DATA PROVIDED
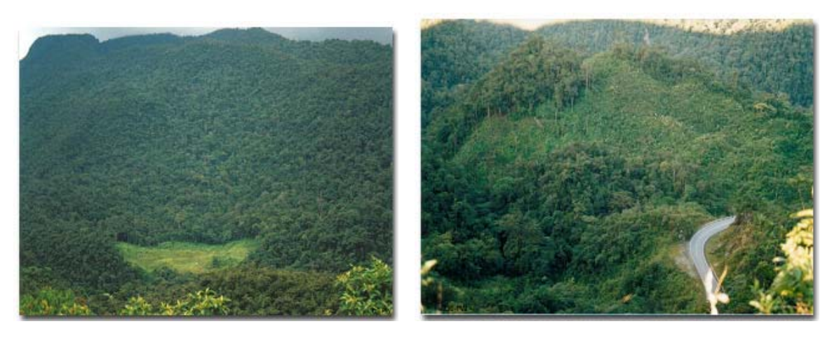
Deforestation in the interior of the Alto Mayo Protected Forest, photos © Diego Shoobridge.

The forest resources are not used in a sustainable way. In the lowest parts of the protected area, the forest has been severely affected and its destruction continues. The forest activities in the mountainous lands cause irreversible changes in the capacity of the vegetation and the soil to retain water. They are causing severe soil management problems. The imminent disruption and destruction of the vegetation on the mountain slopes causes difficulties in the control of water flow and erosion of the soil. Consequently, the loss of forest impedes the future sustainable use of the productive areas in the lowlands in the river basin.
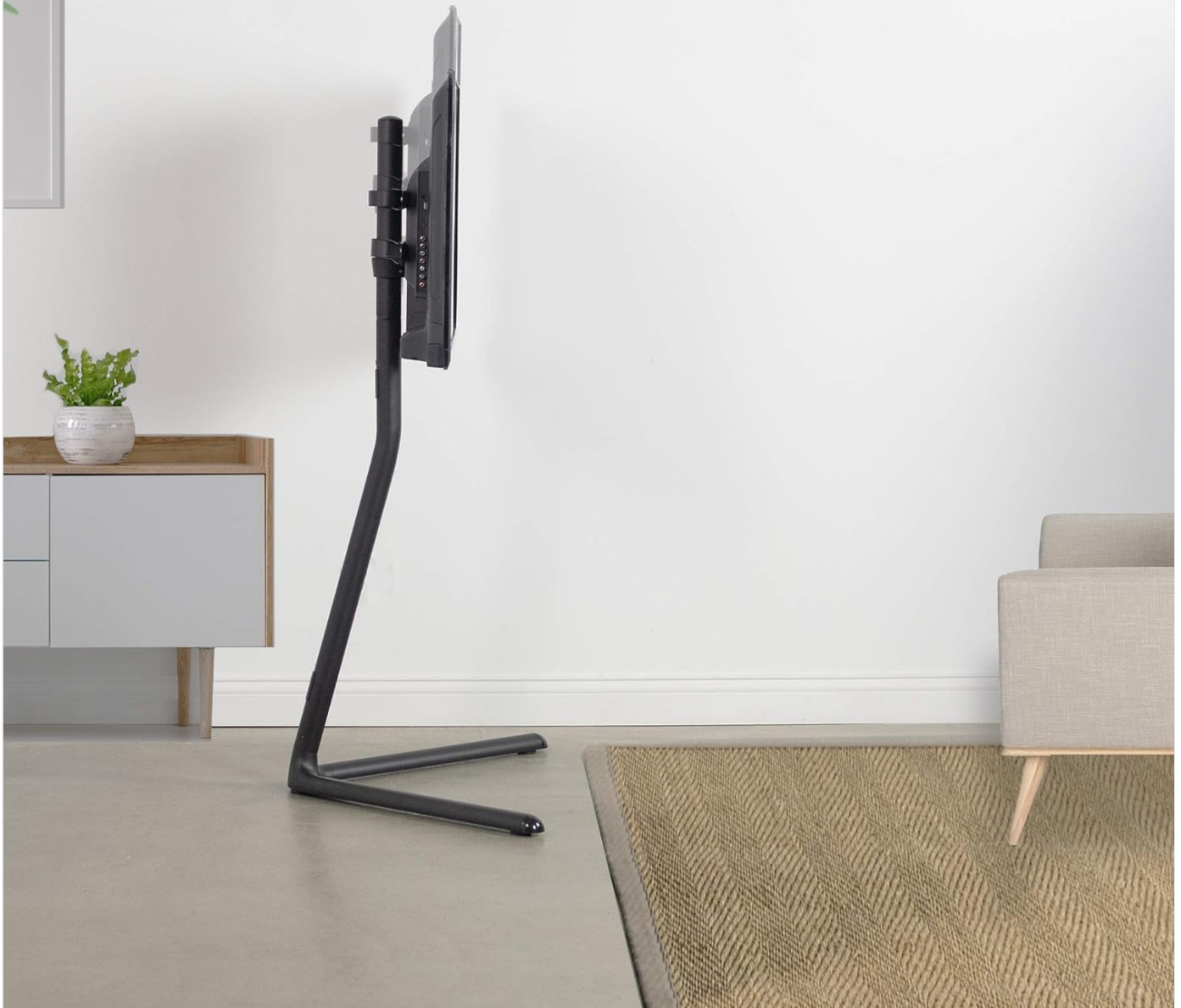
Image 5.1: The TV stand from a side perspective, demonstrating its height adjustment capability to achieve an ergonomic viewing level.

WHAT IS REQUIRED
Please write out every line of the listing above exactly, and leave the images behind.

WRITTEN ANSWER
Deforestation in the interior of the Alto Mayo Protected Forest, photos © Diego Shoobridge.

The forest resources are not used in a sustainable way. In the lowest parts of the protected area, the forest has been severely affected and its destruction continues. The forest activities in the mountainous lands cause irreversible changes in the capacity of the vegetation and the soil to retain water. They are causing severe soil management problems. The imminent disruption and destruction of the vegetation on the mountain slopes causes difficulties in the control of water flow and erosion of the soil. Consequently, the loss of forest impedes the future sustainable use of the productive areas in the lowlands in the river basin.
Image 5.1: The TV stand from a side perspective, demonstrating its height adjustment capability to achieve an ergonomic viewing level.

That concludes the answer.